Peking-Tsinghua Center for Life Sciences, Academy for Advanced Interdisciplinary Studies, Center for Quantitative Biology (CQB), Peking University, Beijing, 100871, China.
Nat Commun. 2023 Jan 14;14(1):223. doi: 10.1038/s41467-023-35923-4.
Consistent annotation transfer from reference dataset to query dataset is fundamental to the development and reproducibility of single-cell research. Compared with traditional annotation methods, deep learning based methods are faster and more automated. A series of useful single cell analysis tools based on autoencoder architecture have been developed but these struggle to strike a balance between depth and interpretability. Here, we present TOSICA, a multi-head self-attention deep learning model based on Transformer that enables interpretable cell type annotation using biologically understandable entities, such as pathways or regulons. We show that TOSICA achieves fast and accurate one-stop annotation and batch-insensitive integration while providing biologically interpretable insights for understanding cellular behavior during development and disease progressions. We demonstrate TOSICA's advantages by applying it to scRNA-seq data of tumor-infiltrating immune cells, and CD14+ monocytes in COVID-19 to reveal rare cell types, heterogeneity and dynamic trajectories associated with disease progression and severity.
从参考数据集到查询数据集的一致注释转移对于单细胞研究的发展和可重复性至关重要。

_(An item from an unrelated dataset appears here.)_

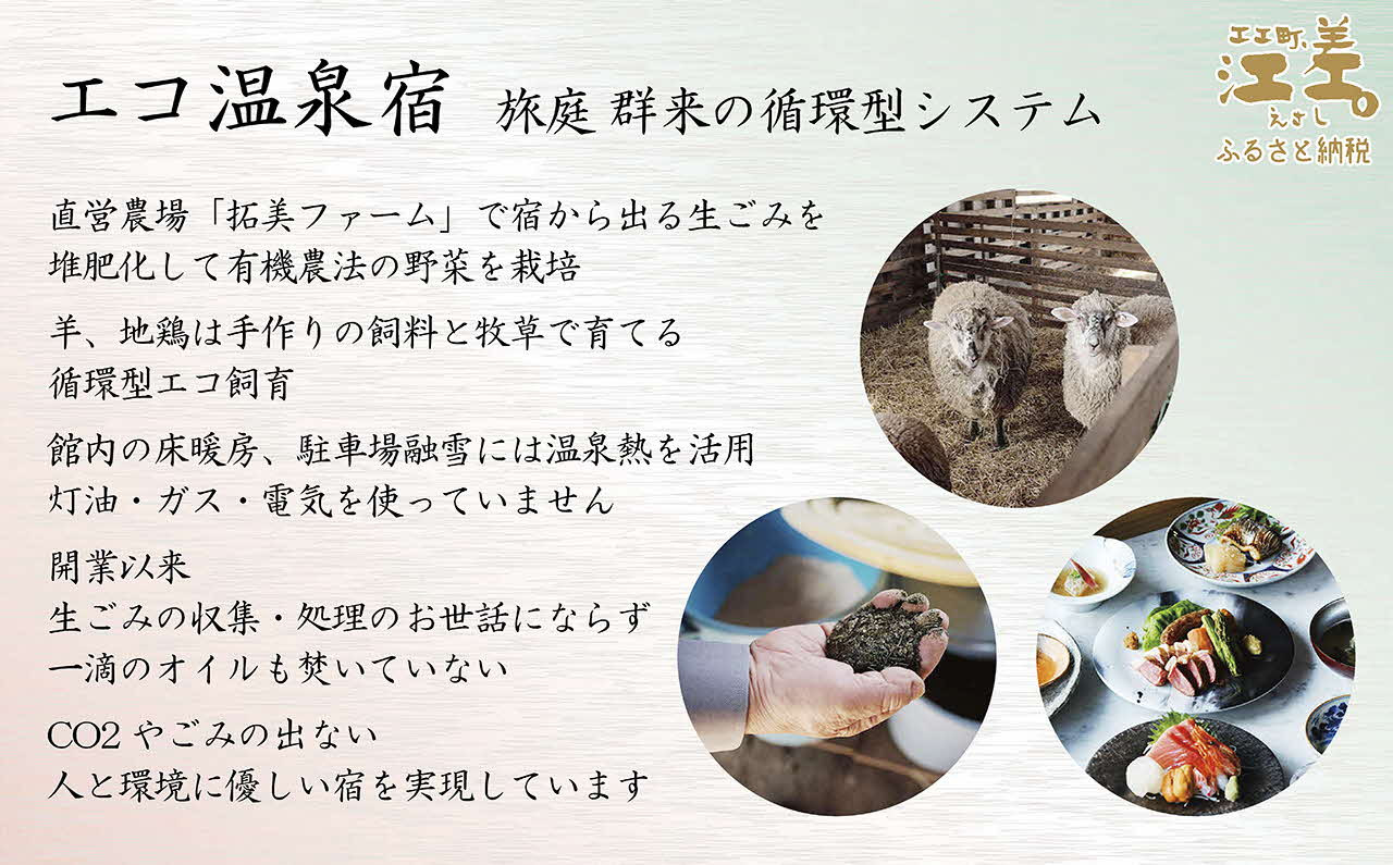 施設から出る生ごみは全て直営農場「拓美ファーム」で堆肥化して有機農法の土づくりに活かし、また、熱交換設備によって給油・暖房に温泉熱源を有効活用して館内を温めております。開業以来一滴のオイルも焚いていませんし、生ごみの収集処理のお世話になったこともありません。地球への愛と資源循環の思想を貫く「究極のエコ温泉宿」です。

与传统的注释方法相比,基于深度学习的方法更快、更自动化。已经开发了一系列基于自动编码器架构的有用的单细胞分析工具,但这些工具在深度和可解释性之间难以平衡。在这里,我们提出了 TOSICA,这是一种基于 Transformer 的多头自注意力深度学习模型,它可以使用生物上可理解的实体(如途径或调控子)进行可解释的细胞类型注释。我们表明,TOSICA 实现了快速准确的一站式注释和批次不敏感的集成,同时为理解发育和疾病进展过程中的细胞行为提供了生物上可解释的见解。我们通过将 TOSICA 应用于肿瘤浸润免疫细胞的 scRNA-seq 数据和 COVID-19 中的 CD14+单核细胞,展示了 TOSICA 的优势,揭示了与疾病进展和严重程度相关的罕见细胞类型、异质性和动态轨迹。